The actor, who has worked in Tamil, Telugu, Malayalam and Kannada cinema, believes that his recent work has allowed him to experiment a lot. “I want my films and characters to be as different as possible. It allows me to channel a range of emotions,” he says, citing films like Paruthiveeran and Aaranya Kaandam as examples.
With a background in theatre, Sampath’s fascination for cinema began when he was barely seven or eight. “I grew up watching Amitabh Bachchan. He’s a big inspiration,” he says.
He has been working in cinema since 2004, and has done a lot of impressive films, including the recent Kaala, but he assures that his best is yet to come. “I have done fantastic films like Saroja, Mirchi, and Goa. But it’s tough to satisfy the artiste in me. I don’t think I’ve got the roles I deserve. For instance, I like Irrfan Khan’s films in Bollywood. I can relate to them. I am confident that I can pull off those kinds of films—something like a Piku—with ease, if they’re made here. As an actor, I look for certain sensibilities in a role. If I am not convinced, I won’t accept a project. I’m not referring to preachy films, but well-defined entertainment,” he says.

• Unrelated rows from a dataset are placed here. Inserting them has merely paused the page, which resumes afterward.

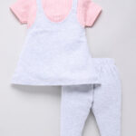 infant girls cotton dress and trousers set, striped tunic with solid trousers, grey pink casual baby set, soft cotton playwear for infants, short sleeve tunic with slip-on trousers, comfortable everyday baby outfit
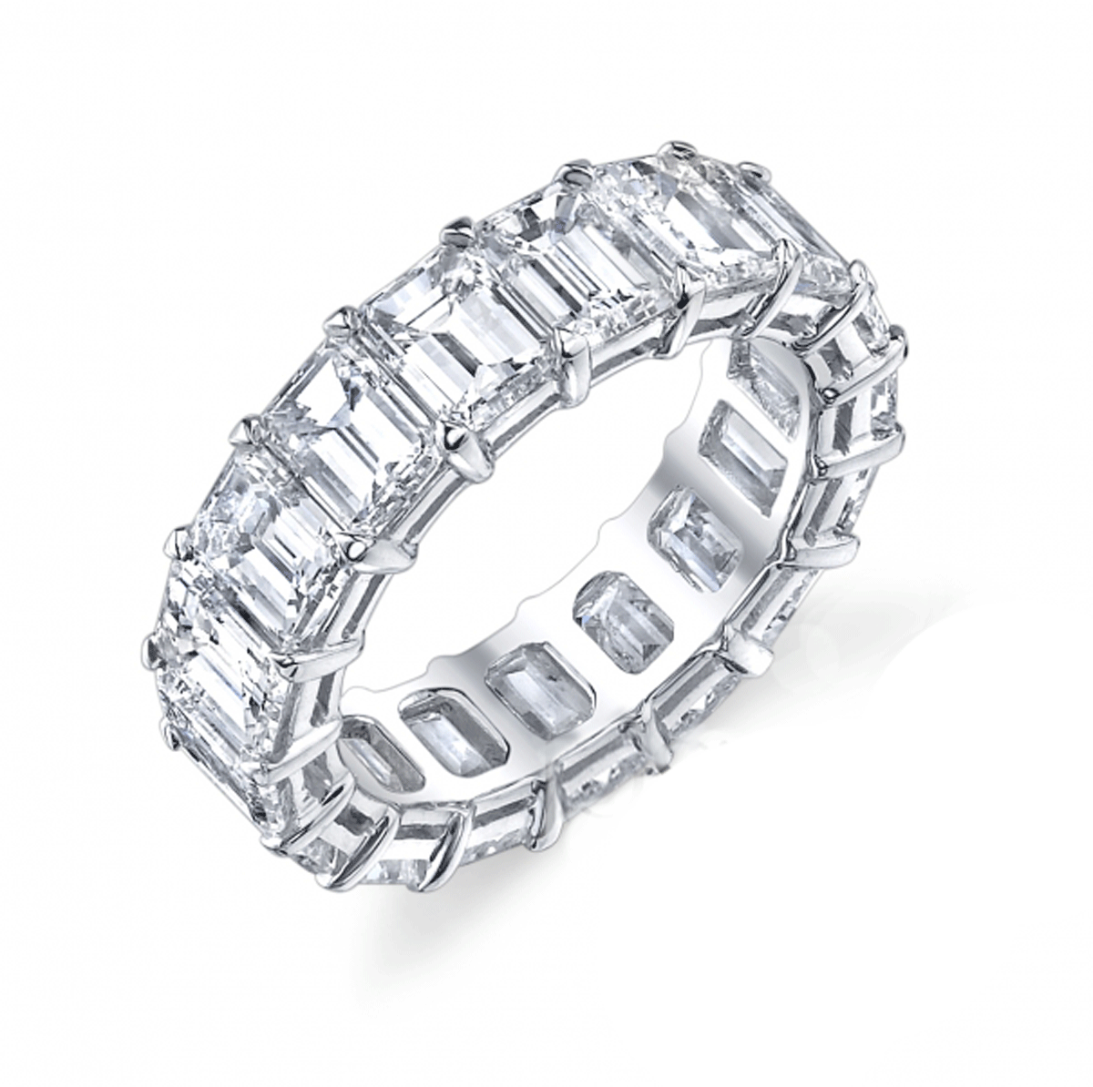 Platinum eternity band with 17 emerald cut diamonds of F-G color and VS clarity weighing 8.73cttw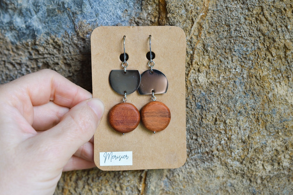 Boucles d’oreilles asymétriques merisier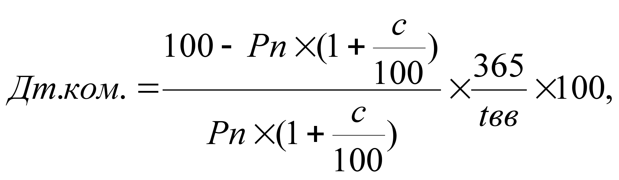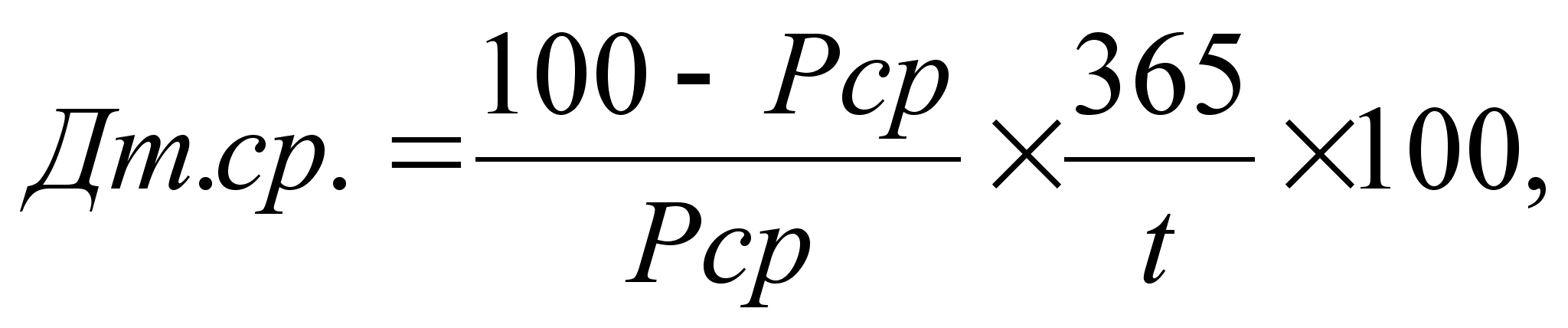 где Ротс – цена отсечения, установленная Минфином при проведении аукциона по размещению ГКО; t – число дней от даты аукциона до даты погашения. 2. Доходность по средневзвешенной цене (Дср) рассчитывается по формуле:

Playing a baddie has never affected him. “I neither take my characters home nor let them get into me. Acting is just a job for me.” Has he ever felt bored of playing a villain? “Not at all. I enjoy those roles. Also, I try to bring in variations in each of my villain characters,” he says.
Speaking about how he bagged Kaala, he says, “I know Ranjith from Chennai 28 days, and was quite sure when he had called me, it would be something solid. I knew Nana Patekarji was the main villain. Despite the limited screen time, I agreed to play Vishnu because of the impact. I didn’t want to miss a Rajinikanth film too.” He recalls what Ranjith had told him: “Enna nambi vaanga, anna. Nalla padam!”
The actor is all praise for Rajinikanth. “We both are from Bengaluru. Naturally, we discussed a lot besides cinema. He’s familiar with the place where I spent my childhood. We also bonded over books and spirituality.”
Sampath says he listens to the whole script before he signs each film. “I am a selfish actor, and always consider if people will remember me after they watch the film. I never blindly accept a project without hearing the narration. There are directors like that, and I don’t work with them. They know who they are.”
Why has he never done a Hindi film yet? “I was supposed to do a big-budget film, but it never took off. I am familiar with the language, but I don’t want to go to Bombay just for the sake of it, and do roles that have no value. In fact, I turned down SRK’s Raees.
I told the makers that the role was too small for me,” he says, adding, “I don’t come from a film background, so I have to fight for my space. I quit my 14-year-long stint in corporate companies for the love of acting. I am here to do films that I enjoy.”
Dream role? “I’d love to play a 90-year-old man, because I am not sure if I’d be alive that long,” he says.